On Taylor’s view, the fact that there are a variety of interpretative stances or “visions” available to us does not mean that we are free to “choose” whichever interpretation of our current desires that would permit us — for example — to be the least critical of ourselves. “Our evaluations are not chosen.” (Taylor 1985a, 35) Instead, we find that particular descriptive schemes, particular interpretative stances, draw us to them because they make our motivations, desires, relationships, and conceptions of ourselves more comprehensible to us: we are attracted to particular interpretative stances, particular ways of articulating our self-interpretations, because they allow us to see our lives as meaningful. They “fit” our experience, and we come to identify with them — that is we both use them to express the meaning we have found in them, and we attach our identities to them. When that identification with a self-interpretation occurs, “...description and experience are bound together in [a] constitutive relation [that] admits of causal influences in both directions.” (Taylor 1985a, 37) Therein lies an essential experience — and an essential activity — of selfhood: the self is experienced in (1) the activity of framing and articulating an understanding of one’s experience (one’s motivation, one’s interaction with others) in terms of an inter-locking set of contrastive terms, which (2) reshapes one’s understanding of the experience one is trying to interpret, which, in turn, may call for (3) a reframing and rearticulating of one’s self-understanding and the way in which that experience may be integrated therein. Even as that interpretative wheel is spinning, we are making our way in the world, bringing to the mixture a series of new experiences, new desires, and new motivations to be interpreted and integrated.[5]
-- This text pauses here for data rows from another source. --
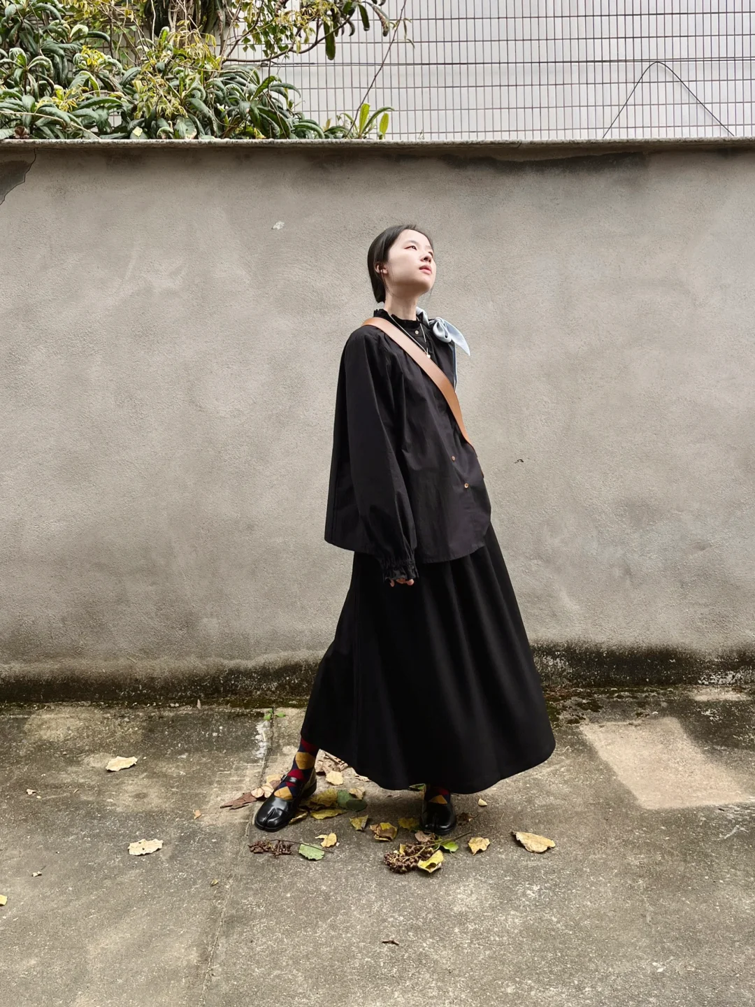黑色皮质连体裙勾勒利落线条,过膝皮靴踩出酷飒气场,简约背景里尽显冷艳魅力。高级
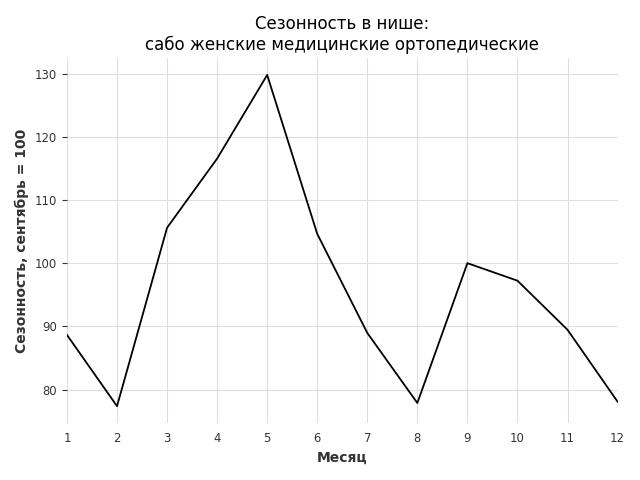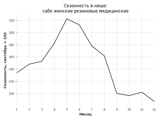 Сезонность в нише средняя. Пик сезонных продаж в нише - май. В ближайшие месяцы сезонность не будет заметно влиять на продажи.
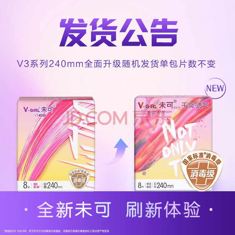 商品相册:未可消毒级超薄透气卫生巾含迷你日夜组合6包48片 京东自营第
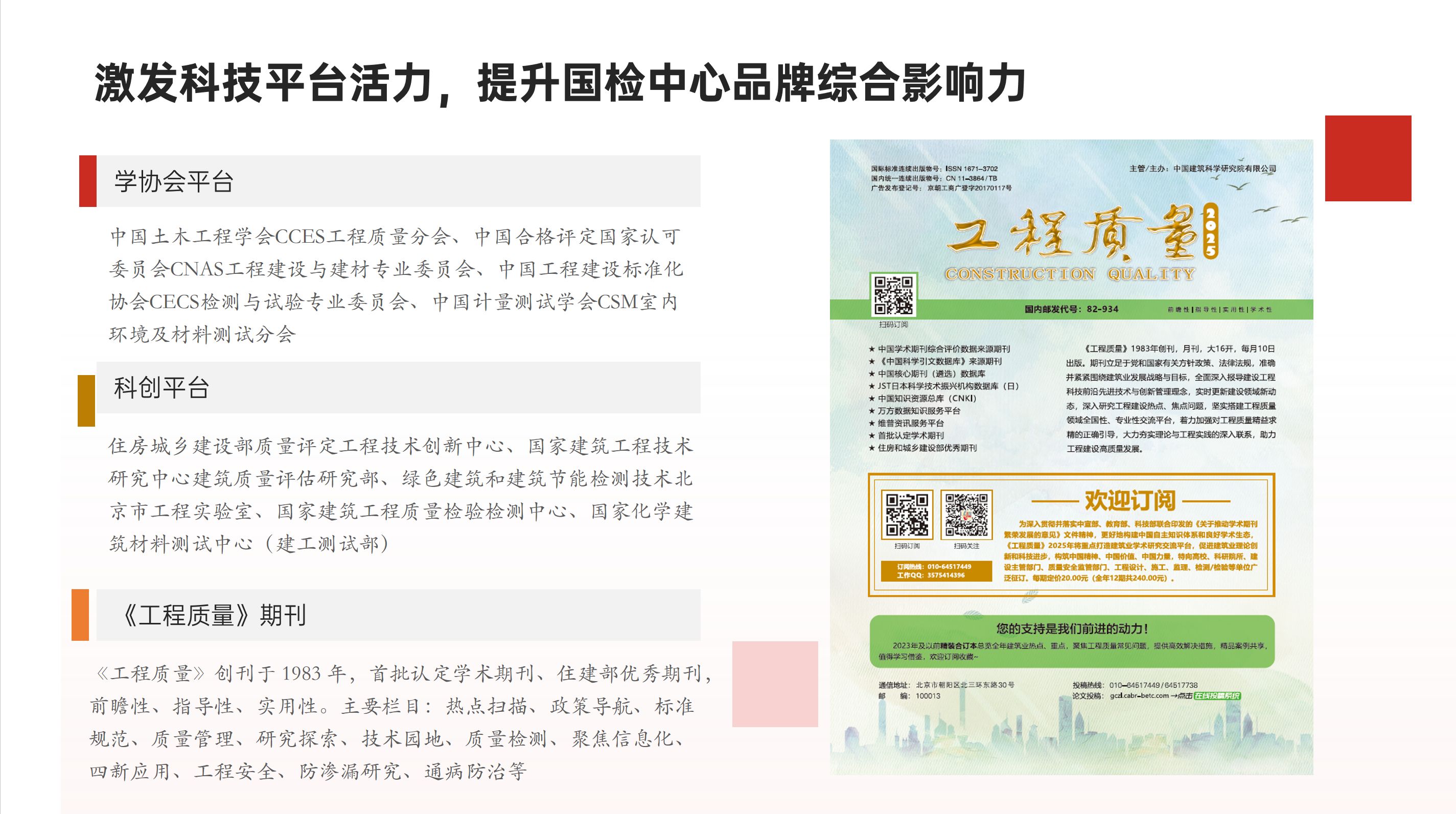 檢測中心以創(chuàng)新驅(qū)動(dòng)發(fā)展,構(gòu)建起“5個(gè)科創(chuàng)平臺 + 4個(gè)協(xié)會(huì)平臺”戰(zhàn)略矩陣,依托學(xué)術(shù)期刊《工程質(zhì)量》,形成產(chǎn)、學(xué)、研、媒一體化發(fā)展格局。通過開展期刊出版、學(xué)協(xié)會(huì)平臺建設(shè)、品牌會(huì)議組織、傳媒廣告、技能培訓(xùn)、行業(yè)服務(wù)、技術(shù)咨詢等多元業(yè)務(wù)協(xié)同發(fā)力,不僅激活平臺創(chuàng)新活力,更全方位提升了國檢中心的品牌綜合影響力,成為推動(dòng)我國建筑工程質(zhì)量檢驗(yàn)檢測領(lǐng)域技術(shù)革新、標(biāo)準(zhǔn)升級與產(chǎn)業(yè)進(jìn)步的核心力量。

We are “thrown” (as it were) into a “space of questions about the good” (Taylor 1989, 33 & passim). That space is at the center of our identities, and that interpretative activity is at the center of what it is to be a self. That constant activity is constitutive of the self because the self cannot be fully identified, fully captured, fully described by any particular articulation of a selfinterpretation. “Full articulacy is an impossibility,” (SS34) not only because we are always “changing and becoming” — our narrative constantly pushing us into the future (as noted earlier) — but also because “...articulation can by its very nature never be completed. We clarify one language with another, which in turn can be further unpacked, and so on....” (Taylor 1989, 34)[6] Such an “unpacking” is not a viciously circular or meaningless spiraling; it is a exploration of our “inner depths” and an attempt to better understand ourselves. It is an attempt to better articulate our self-interpretation, or, if an experience challenges us at a very deep level, it is a call to reassess our current identity, our current framework, our current selfunderstanding in order to accommodate an undeniable experience that could not otherwise be accommodated.[7]

Our response to the questions posed to us in moral space (which is intelligible only through language and through the history of our experience) is our identity:

My identity is defined by the commitments and identifications which provide the frame or horizon within which I can try to determine from case to case what is good, or valuable, or what ought to be done, or what I endorse or oppose. In other words, it is the horizon within which I am capable of taking a stand. (Taylor 1989, 27)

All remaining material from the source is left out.